EqSCM 10 harboured a 130 kb duplication of NLRP7, NLRP2, GP6 and RDH13 at 19q13.42. One similar DGV duplication has been seen in this area (nsv106204782), but otherwise duplicated CNVs are generally much smaller and rare. NLRP2 and NLRP7 are genes that encode members of the NACHT, leucine rich repeat, and PYD containing (NLRP) protein family. These proteins are implicated in the activation of pro-inflammatory caspases. Recessive mutations in NLRP2/7 in humans are associated with reproductive disorders92. Another gene in this duplicated cluster associated with disease is GP6, a platelet membrane glycoprotein, involved in collagen-induced platelet aggregation and thrombus formation, which is expressed at high levels in heart, kidney and whole blood83. A GP6 SNP (c.13254TC) has been implicated in recurrent cardiovascular events and mortality93. Another study involving this SNP94, found that hormone replacement therapy (HT) reduced the hazard ratio (HR) of CHD events in patients with the GP6 13254TT genotype by 17% but increased the HR in patients with the TC + CC genotypes by 35% (adjusted interaction P < 0.001). The authors found that in postmenopausal women with established CHD, the GP6 polymorphism, and another in GP1B, were predictors of CHD events and significantly modified the effects of HT on CHD risk94.

Duplication of PPL2, YPEL1 and MAPK1 on chromosome 22q11.21 (180 kb) observed in EqSCM 11, does not appear in the DGV catalogue of CNVs in healthy individuals, and the consequences of overexpression of these genes, miRNAs or regulatory sequences are unknown. One of the affected genes, MAPK1 (previously named ERK or ERK2), may constitute a link to another kinase intracellular signalling pathway – the RAF-MEK-ERK kinase cascade, which in mice and human has an established role in the induction of cardiac tissue hypertrophy95. Although not the kind of left ventricular enlargement seen in SCM, subtle copy number variation at MAPK1 may influence signalling through this pathway. Another duplication in EqSCM 11 involving the 3’ half of TSPAN7, a member of the tetraspanin protein superfamily (Xp11.4) was noted as rare, and a similar (though larger) duplication was recently observed in a patient with Rolandic epilepsy96.
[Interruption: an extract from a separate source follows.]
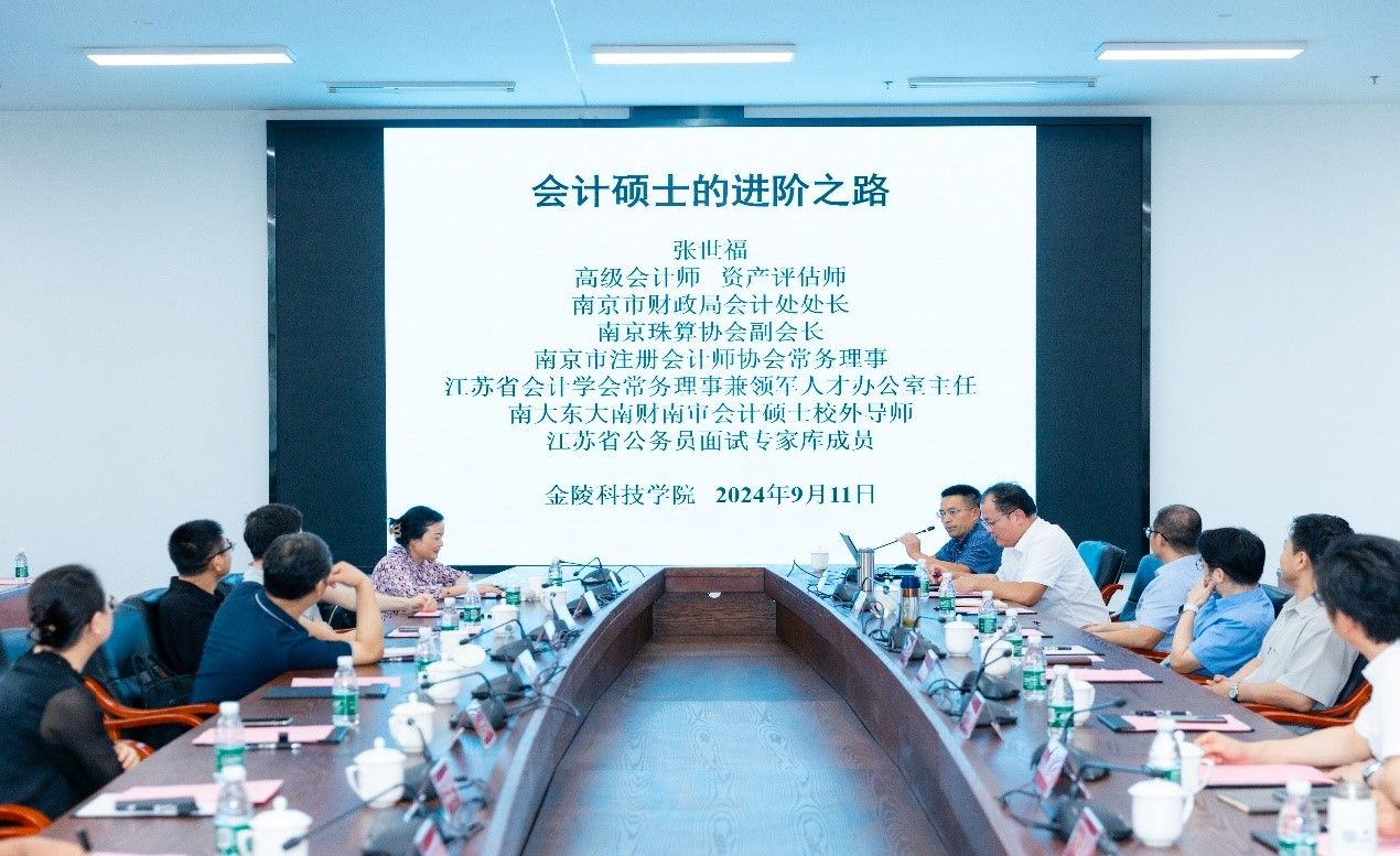 在科技楼3号楼110会议室举行产教融合对接交流会。南京市财政局会计处处长张世福、南京市注册会计师协会秘书长王益民、江苏省国资委派驻中江集团财务专员平焱、南京大地建设(集团)董事长伍贻安、立信会计师事务所江苏分所所长伍敏、江苏兴瑞会计师事务所所长许胜利、南京永宁会计师事务所所长杨晓琴、苏美达资本投资总监黄世文、江苏省环境科学研究院财务部主任柴小莺等领导、专家出席会议。成人抖音

An agenic duplication 50 kb upstream from NRG3 (10q23.1) was seen in case EqSCM 15. This CNV could conceivably disrupt upstream regulatory regions of NRG3, which encodes an important ligand for the transmembrane tyrosine kinase receptor ERBB4. NRG3 has been shown to activate tyrosine phosphorylation of its cognate receptor, ERBB4, and is thought to influence neuroblast proliferation, migration and differentiation by signalling through ERBB4. NRG3 is a strong candidate gene for schizophrenia, and neuregulin molecules and their receptors are involved in rat cardiac development and maintenance97.

Finally, the two rare deletions observed on chromosome 13 (13q21.33 and 13q33.1) in case EqSCM 17, fall into largely uncharacterised areas of the genome. The first is agenic, although there is a prediction of a spliced EST in the NCBI database, and the second occurs as two 50 kb blocks within the ITGBL1 gene. ITGBL1 is most strongly expressed in aorta98,99.

Discussion

Monogenic and polygenic models of risk

The Christchurch earthquakes repeatedly exposed the entire population of the city, approximately 350,000 people, to major stress and life disruption. Almost all patients presenting with EqSCM were post-menopausal females, consistent with other reports26. We set out to explore three categories of genetic contributions to SCM predisposition, using WES to explore Mendelian models of risk, Cardio-MetaboChip analysis to test for polygenic risk factors, and aCGH analysis to evaluate the role of genomic structural variants.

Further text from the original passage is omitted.